▶ What you should do:
Restate, word for word and with no pictures, the stretch of lines in the data below that begins at the line with "O アルファベット イニシャル" and ends at the line with "1800 mm wide", inclusive.

▶ Record set:

'''

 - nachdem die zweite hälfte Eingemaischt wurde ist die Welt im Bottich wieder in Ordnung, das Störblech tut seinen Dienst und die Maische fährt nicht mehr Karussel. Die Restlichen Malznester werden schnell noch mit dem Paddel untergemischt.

'''
'''

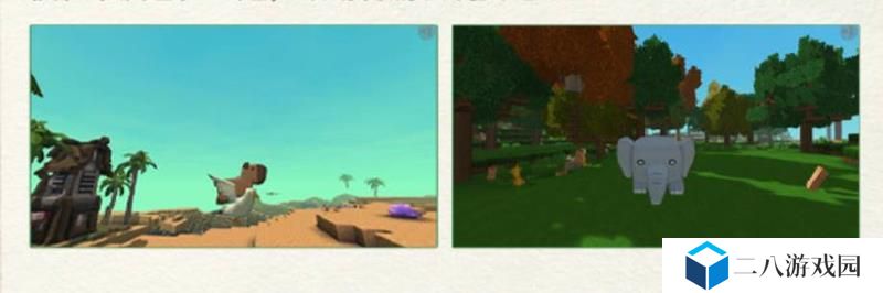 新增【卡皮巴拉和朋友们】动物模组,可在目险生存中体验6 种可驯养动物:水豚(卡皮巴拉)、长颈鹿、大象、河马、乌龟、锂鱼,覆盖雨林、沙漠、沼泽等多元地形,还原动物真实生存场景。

'''
'''

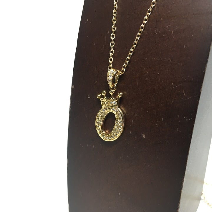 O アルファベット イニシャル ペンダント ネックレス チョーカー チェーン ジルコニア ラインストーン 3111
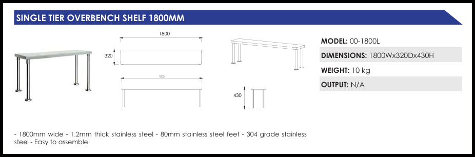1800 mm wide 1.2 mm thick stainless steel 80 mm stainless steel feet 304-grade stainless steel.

'''

▶ Answer box:
 O アルファベット イニシャル ペンダント ネックレス チョーカー チェーン ジルコニア ラインストーン 3111
1800 mm wide 1.2 mm thick stainless steel 80 mm stainless steel feet 304-grade stainless steel.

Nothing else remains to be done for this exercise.